By November 3, 2016Commentary

A consulting firm takes on the widespread idea that encouraging “consumerism” will lead to lower health spending.   (LEK Paper)   The paper starts by noting the obvious facts about how high health spending is in the US, and acknowledges that the majority of the “excess”, 60%, is attributable to higher prices, while the remaining 40% is excess utilization.  As usual, however, they don’t deal with “appropriate” utilization, which likely would mean both subtracting and adding service use to get to what the population needs in terms of services to maintain good health.  My personal opinion continues to be that under and over-utilization are at best a wash.  They go on to assert that just making consumers bear more cost doesn’t necessarily make them better consumers of health care, something I strongly agree with.  Their analysis of why consumerism falls short itself falls short, in my opinion.  They give six reasons:  poor plan design, the third-party payer system, difficult to find prices, urgency and emotional stress, treatment advice coming from the same person who wants to perform the service and brand and image building by providers.

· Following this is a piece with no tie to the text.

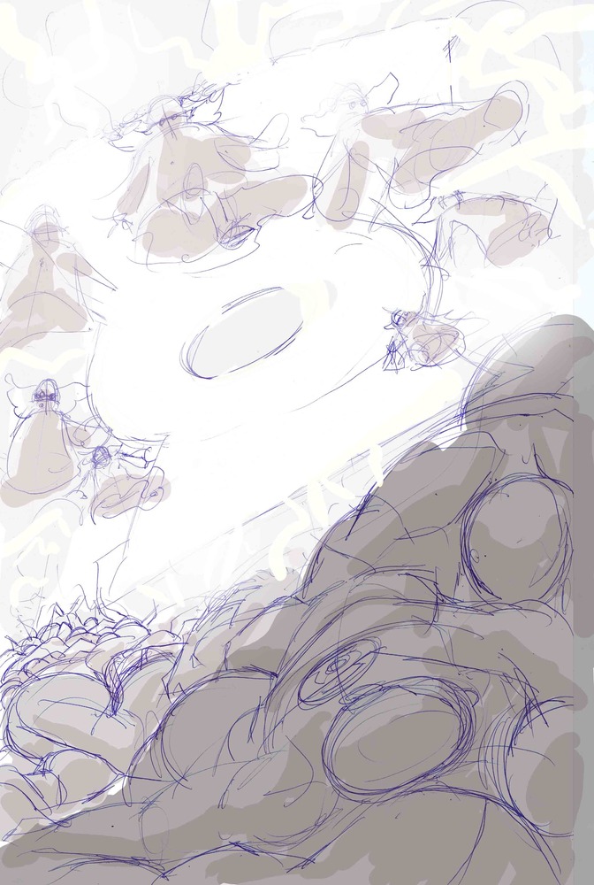 FOUR: MY PROCESS: i draw the accepted thumbnail and flesh out the cover in blue pencil. It’s the necessary process that i love but inkers hate. Nothing ticks them off more than having to erase blue waxy material off after they’ve done fine inking. I solved that in later steps. After i blue it on the paper, i go back in and hit it with the 2H. All the linework, all the line thin to thicknesses, all the shadowing goes into this stage. And since i’m inking i don’t care what i do, i can always fix it in Photoshop. So that’s done. Only indications are made to create sfx. Like trees or leaves or ground textures, or energy burst or whatever. That will either be posted on the page in Photoshop after i pencil or after i ink. It all decides on what i need to do.

I believe they are missing more important factors.  One is that it is very, very hard to expect most people, even with “transparency” and other tools, to make the kind of decisions that need to be made when facing episodes of truly expensive care.  The second is that when you parse where the high spending is, many of the people with expensive conditions are not capable of making decisions, either due to dementia or to the severity of their illnesses, and the surrogate decision-maker dynamic is even more difficult to effect.  And since most of the spending “problem” in this country is actually due to prices, unless you are prepared to cut those prices, and provider incomes, in half by fiat, you aren’t going to due much to slow spending or spending growth.

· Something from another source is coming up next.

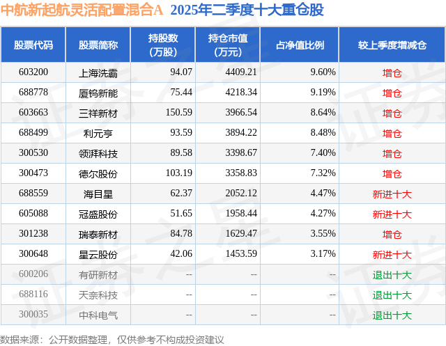 中航新起航灵活配置混合A的前十大重仓股如下:

The four potential solutions examined by L.E.K. are single payer, remove the third-party payment system, have employers get even more involved in care decisions and have payers get more aggressive in creating low-cost solutions.  They think some combination of the last two can work, recognizing that the first two are politically unlikely.  I don’t think the last two have any chance of reducing spending, or even doing much to slow its growth rate.  I don’t know that there is a good solution.  Since public payers now account for over half of total spending, a lot of the effort has to be focussed there.  And some palatable way has to be found to lower provider and administrator incomes.